Kinshasa, 20 novembre 2025 — La République démocratique du Congo franchit un nouveau cap dans la réforme de son système judiciaire avec l’adoption d’une stratégie nationale de lutte contre la corruption couvrant la période 2025-2029. Élaborée sous la supervision du ministère de la Justice, avec l’appui technique de l’ONG internationale RCN Justice et Démocratie et la participation active du Conseil supérieur de la magistrature, cette stratégie apporte un cadre global destiné à assainir durablement un secteur longtemps miné par des pratiques corrosives.
Ce document structurant repose sur trois piliers majeurs — la prévention, la détection & investigation, et la répression — afin de renforcer l’intégrité, l’indépendance et la crédibilité des institutions judiciaires, tout en restaurant la confiance du public. Pour la première fois, les trois ordres juridictionnels concernés — constitutionnel, judiciaire et administratif — sont intégrés dans une même approche de lutte contre la corruption.
Dans un contexte marqué par des dérives persistantes telles que le marchandage des décisions, le clientélisme, les interférences politiques, les retards injustifiés des prononcés ou encore le monnayage de certaines décisions judiciaires, la stratégie entend s’attaquer aux racines profondes d’un mal systémique. Le document recense notamment l’arbitraire, le détournement des frais de justice, le trafic d’influence, la complicité entre magistrats, avocats et justiciables, ainsi que la culture de l’impunité comme autant de fléaux à éradiquer.
Un axe prévention ambitieux
Le premier volet de la stratégie mise sur le renforcement du cadre juridique et institutionnel, la formation du personnel judiciaire et la sensibilisation du public. Huit résultats clés sont attendus, parmi lesquels le renforcement de l’indépendance du pouvoir judiciaire, l’effectivité des procédures disciplinaires, la transparence du fonctionnement des juridictions, ainsi que l’intégration de la dimension genre dans l’administration de la justice. La stratégie vise également à redynamiser le Syndicat des magistrats et à améliorer les capacités des administrations judiciaires, des parquets et des établissements pénitentiaires.

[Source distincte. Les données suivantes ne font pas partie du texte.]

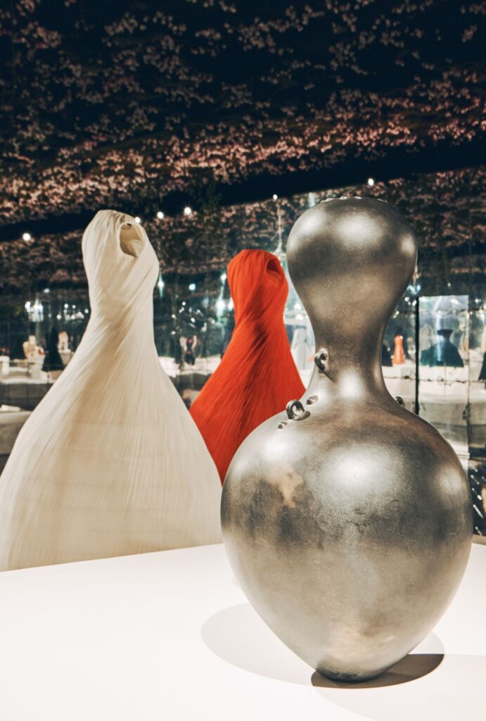 La muestra explora cómo la forma se construye, se repite, se exagera y se resignifica. Las siluetas icónicas de Dior (estructuradas, precisas, casi arquitectónicas) dialogan con nuevas propuestas materiales y con la poética escultórica de Odundo, donde la forma nace del gesto y del tiempo.
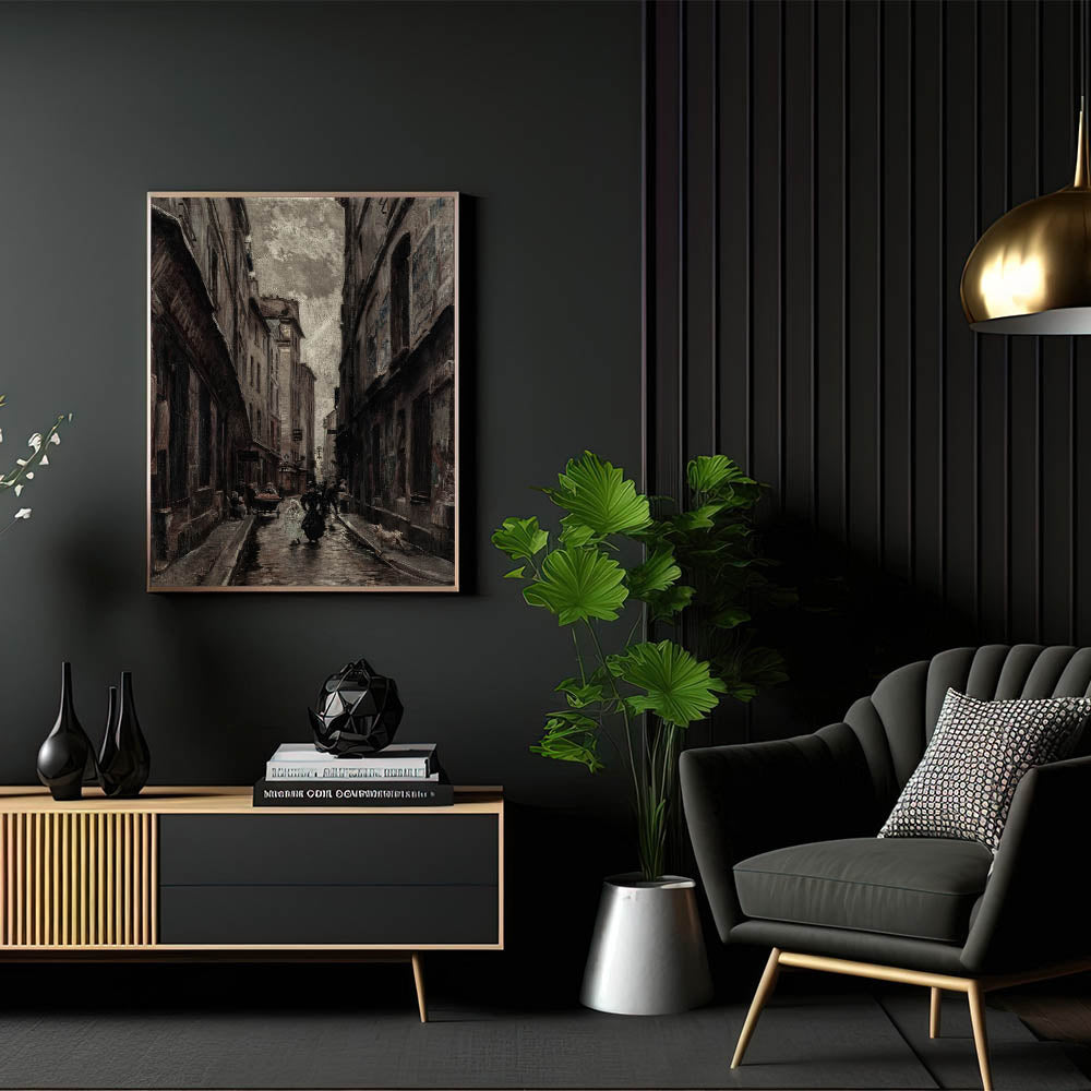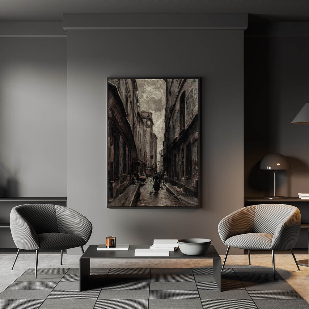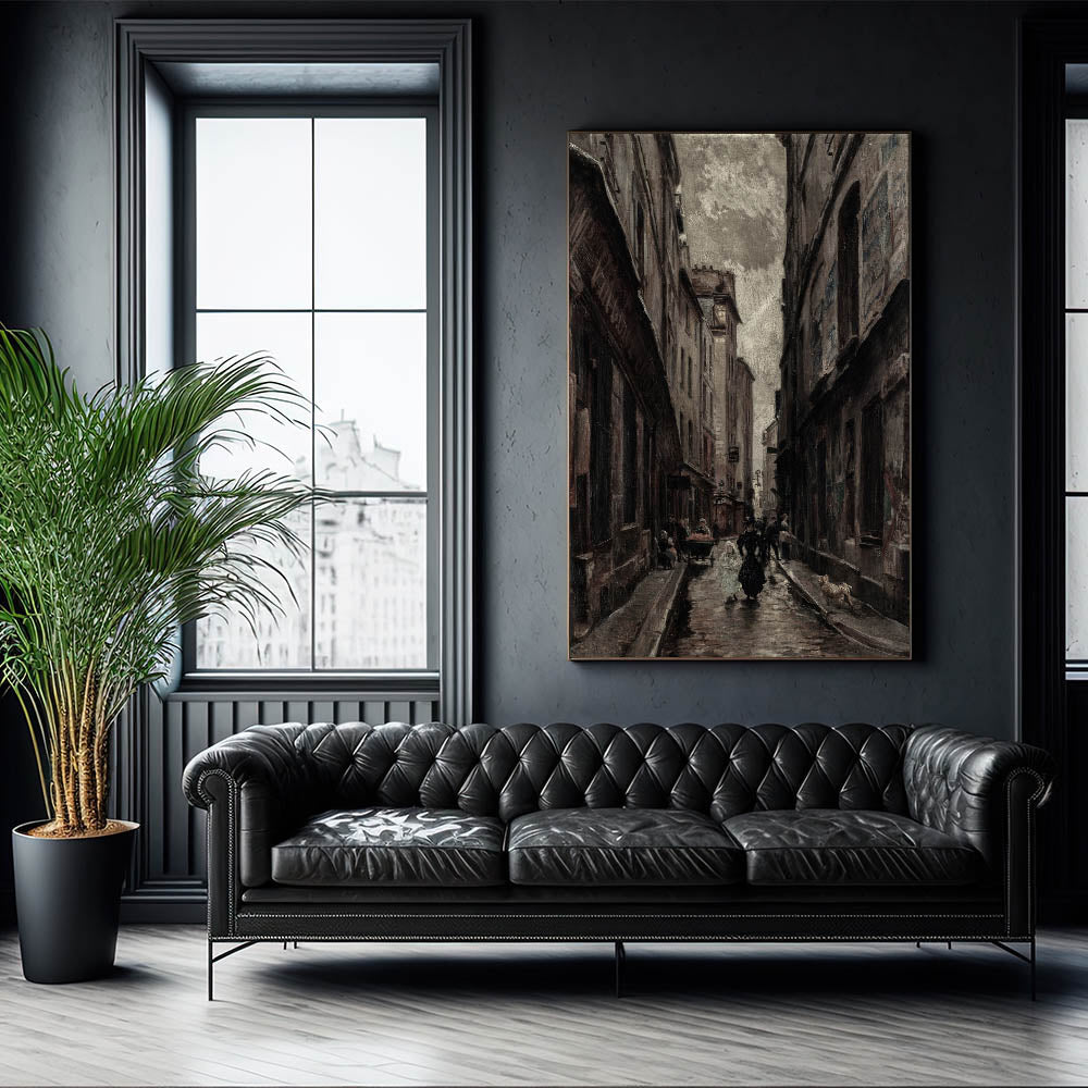 Bring the atmosphere of a vintage cityscape into your home with this Moody Art Print, showcasing a shadowy street scene that captures the essence of dark art decor. The narrow alley, framed by towering buildings, and the subtle details of pedestrians evoke a sense of timeless elegance. Perfect for those who appreciate dark moody wall art, this piece is designed to transform your space into a realm of dramatic and artistic expression.

Détection et investigation : moderniser les mécanismes de contrôle
Pour lutter efficacement contre les pratiques corruptives, le deuxième pilier entend systématiser la détection des actes de corruption grâce à des outils modernes et innovants. Il place la formation continue des magistrats et greffiers au cœur du dispositif, aux côtés de la numérisation du système judiciaire et de l’amélioration des mécanismes de signalement. La stratégie insiste sur la nécessité d’un organisme spécialisé chargé des enquêtes, afin de réduire les influences qui entravent la recherche de preuves crédibles.
Un dispositif répressif renforcé
Le troisième axe porte sur l’obligation de sanctionner systématiquement les auteurs d’actes de corruption, tant sur le plan disciplinaire que pénal. Les suspicions devront être poursuivies sans délai, et les sanctions appliquées de manière effective. Cette rigueur vise à briser le cercle vicieux de l’impunité et à restaurer l’autorité du droit, dans un secteur où les dérives ont souvent affaibli la confiance des justiciables.
Une élaboration inclusive et un pilotage partagé
Fruit d’un processus participatif, la stratégie a été construite avec l’appui du Groupe thématique Justice et Droits humains, du Programme PARJ2, de l’Union européenne ainsi que du projet REPLIC financé par la coopération belge. Acteurs judiciaires, société civile, partenaires techniques et scientifiques ont activement contribué à son élaboration.
Pour garantir une mise en œuvre efficace, la stratégie recommande la création d’un organe hybride de coordination réunissant le CSM, le ministère de la Justice, l’APLC, l’OSCEP, les partenaires techniques et financiers ainsi que les organisations de la société civile. Cet organe devra produire des plans d’actions annuels fondés sur des indicateurs mesurables, afin d’assurer suivi, transparence et redevabilité.
Par cette initiative structurante, la RDC ambitionne de bâtir une justice plus intègre, plus indépendante et véritablement au service du citoyen — une justice où la corruption n’a plus droit de cité.